Tuesday, December 9, 2014

Of Abortion, Brutality and Torture: Living (and Dying) in the USA Today

I cannot say that I am too surprised about the Senate report on CIA torture engaged in by the United States.  This country long ago decided to go down a path that would lead to where we are today: police brutality of African-Americans and saying that effectively drowning a person is not some sort of physical violence (torture) to them. What sort of Orwellian Newspeak is this, where the police, sworn to protect, brutalize, and torture is not called torture, but "enhanced interrogation techniques"?
When a society decides to not protect those persons who are embodiments of the most fragile among us--namely pre-born human beings--it's not going to be too long until all classes of persons who represent the "other" are then objectified and their inherent personhood is thus removed.

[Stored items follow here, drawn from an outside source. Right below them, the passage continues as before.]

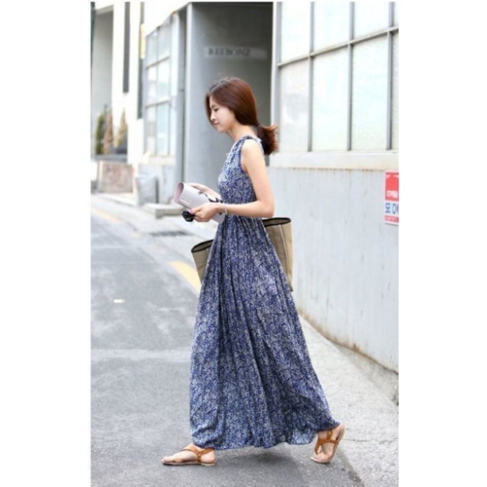 【D5012YB】 M碼 夏日 波西米亞 無袖 縲縈 長裙 無袖 碎花 長洋裝 連衣裙 洋裝 韓系-圖片-9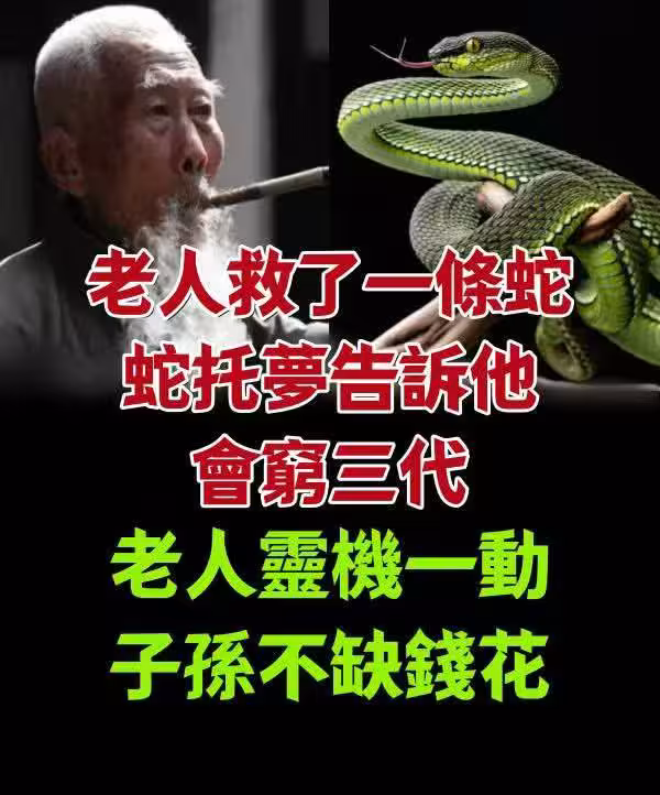 老人救了一條蛇,蛇託夢告訴他會窮三代,老人靈機一動,子孫不缺錢花!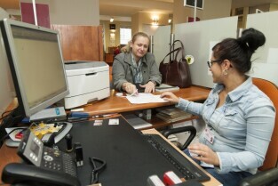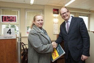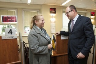Stutysięczny klient usług on-line Urzędu Miejskiego w Gdańsku w Zespole Obsługi Mieszkańców nr 3 przy ul. Nowe Ogrody. Klientem okazała się Pani Izabela, która otrzymała książkę z dedykacją od Prezydenta Gdańska Pawła Adamowicza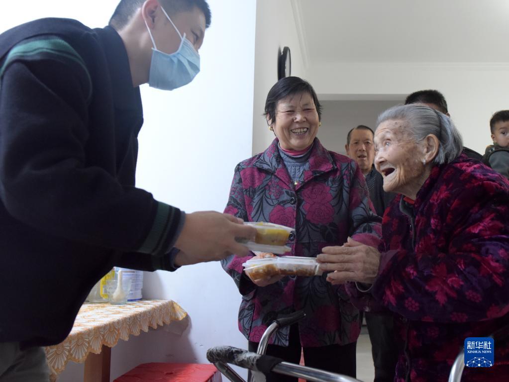 11月22日,安徽省合肥市肥東縣店埠鎮迎河家園內,肥東縣老年助餐服務(wù)中心經(jīng)理李杰(左)在給102歲的老人朱廣珍(右一)送上午餐。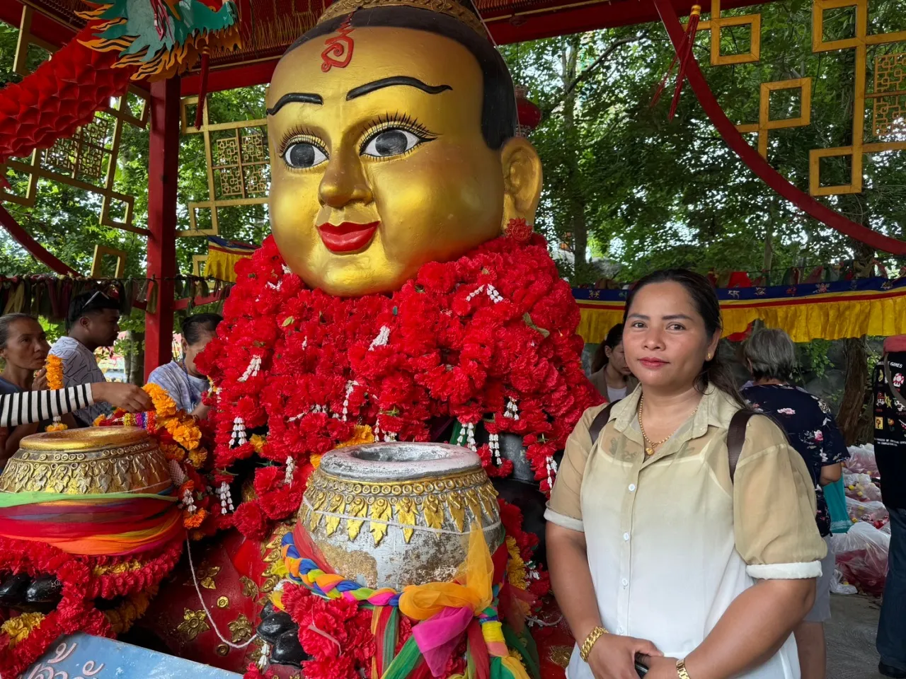 นอกจากนี้ ยังมี นางดารารัตน์ วายาดา อายุ 35 ปี เจ้าของสวนทุเรียน จ.นครราชสีมา นำทุเรียน 100 กิโลกรัม เงาะ 100 กิโลกรัม และลองกอง 100 กิโลกรัม มาถวายแก้บนกุมารทองเจ้าสัวเฮง หลังมาขอโชค กลับไปแล้วได้โชคกว่า 2 ล้านบาท ซึ่งถือเป็นครั้งที่สองที่ได้โชค โดยครั้งแรกก็ได้โชคหลักล้าน
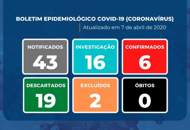 O mais novo boletim epidemiológico para Covid-19 (Coronavírus) e que aponta 11 novos casos notificados como suspeitos, passando de 32 para 43 notificações.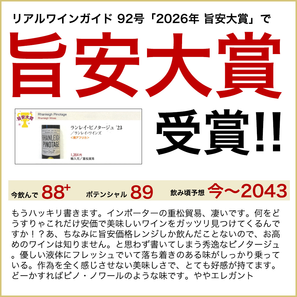ランレイ・ピノタージュ[2023]年・ランレイ・ワイナリー(南アフリカ・WOウェスタン・ケープ)・ピノタージュ種100%・RWG誌・旨安大賞&ジルベール・ガイヤール・ゴールドメダル・金賞受賞酒・アルコール度数14%・赤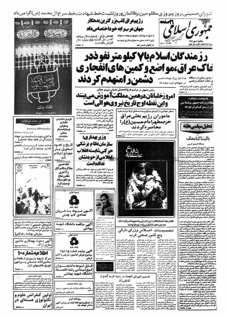 تصویر روزنامه اطلاعات تصویر روزنامه کیهان Upload Image... تصویر روزنامه جمهوری اسلامی مطالب مرتبط: چهل سال پیش در چنین روزی: ۱ مهر ۱۳۵۸ چهل سال پیش در چنین روزی: 2 مهر ۱۳۵۸ چهل سال پیش در چنین روزی: 3 مهر ۱۳۵۸ چهل سال پیش در چنین روزی: 4 مهر ۱۳۵۸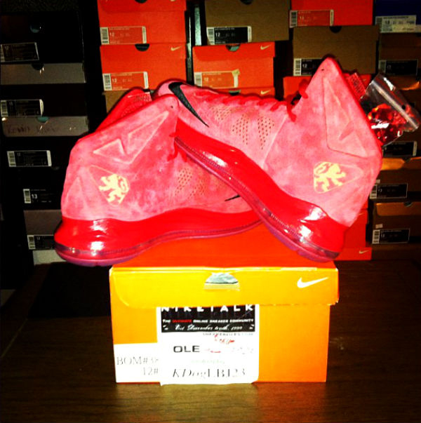 早在2月份的时候,勒布朗 詹姆斯就在对阵雷霆队的时候上脚过一双麂皮版本的 Nike Lebron 10,很多朋友被那款麂皮材质的战靴深深吸引。此番,网络上曝光了一款全新的红色麂皮版本 Nike LeBron 10 EXT 谍照,从照片中我们可以看出,这款 Lebron 10 通体采用了红色打造,配以黑色的 Swoosh 以及金色的狮子 Logo,整款鞋的配色十分抢眼。相信这款版本将会以市售的形式出现,有兴趣的朋友可以耐心等待一下。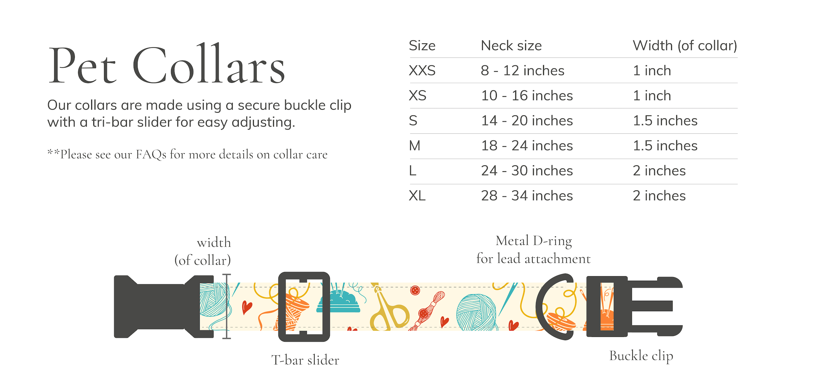 We have a size guide avaliable (please see below) for all our pet accessories. This is avaliable on our product listings but we are more than happy to help/advise. Please contact us at homemadecraftsbykate@gmail.com and we will do our very best for help you find the best size for your pet.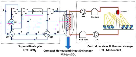 Scheme of the complete STPP (Solar Thermal Power Plants) with the CHHE (Compact Honeycomb Heat Exchanger) between the solar field and the sCO2 cycle.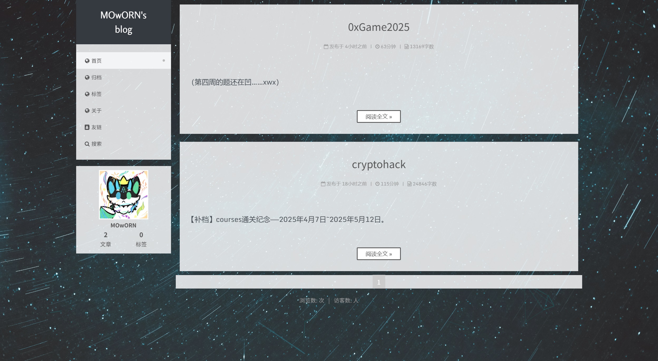 251027日志:新增RSS和背景变色.251023日志:新增category功能,和tag有重合,后续分开.251013日志:支持匿名评论;图片为随机小熊猫表情包;远古文章LaTeX玄学异常

It is hard to preach, point to and proclaim magnanimity in the midst of such pusillanimity.
Sometimes, I become very discouraged, approaching the depths of despair.  It is the "voice of one crying out in the wilderness," but without hope that I am preparing the way of the Lord.  But, I must steel my spine for what lies ahead.

The reason Pope Francis speaks to me on a deep level is that he has said the church must be a "field hospital in the midst of battle."  Being in the midst of battle is ugly.  One will not always see the nobility of human beings, but often their depravity.  So I preach magnanimity, hoping against hope that perhaps some semblance of metanoia will enter into a few people's lives.  Maybe I am naively optimistic, but it is more that I prefer to live in hope.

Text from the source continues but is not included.